The government-backed cyber intrusion appears to be an attempt to size up the capabilities of the energy companies' networks, U.S. government officials told the newspaper.
The officials said the hackers appear to have accessed files related to the sites' business operations, like personnel. There were not signs that the hackers attempted to seize control of or disrupt the power systems.
The officials expressed concern about the hack, telling the Post that they may conduct additional and more severe cyberattacks on these sites in the future.
The FBI and the Department of Homeland Security warned the energy sector of the hacking threat late last month, Reuters reported at the time, although Russia was not then identified.
The Russian intrusions into these systems is the first known successful case of Russia hacking the nuclear-power-generation sites, multiple U.S. and industry officials told The Post.
The newspaper also reports that the National Security Agency detected the cyber activity by a government-backed Russian spy agency, the FSB. The NSA declined the Post’s requests for comment.

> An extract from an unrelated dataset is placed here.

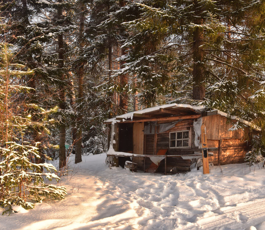 Таёжная избушка местных охотников. Фото Д. Логиновского.
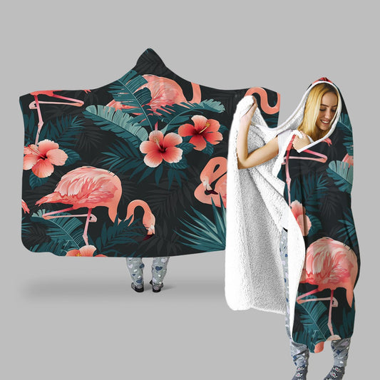 Flamingo Leaves Animals Birds Pink Personalized Hooded Throw Blanket Fleece Hoodie Cape

The report comes shortly after President Trump and Russian President Vladimir Putin on Saturday agreed to set up a bilateral cybersecurity working group.
Putin said the group would aim to "prevent interference in the domestic affairs of foreign states, primarily in Russia and the U.S."
The U.S. intelligence community concluded earlier this year that Russia interfered in the 2016 presidential election. Putin has repeatedly denied the allegations.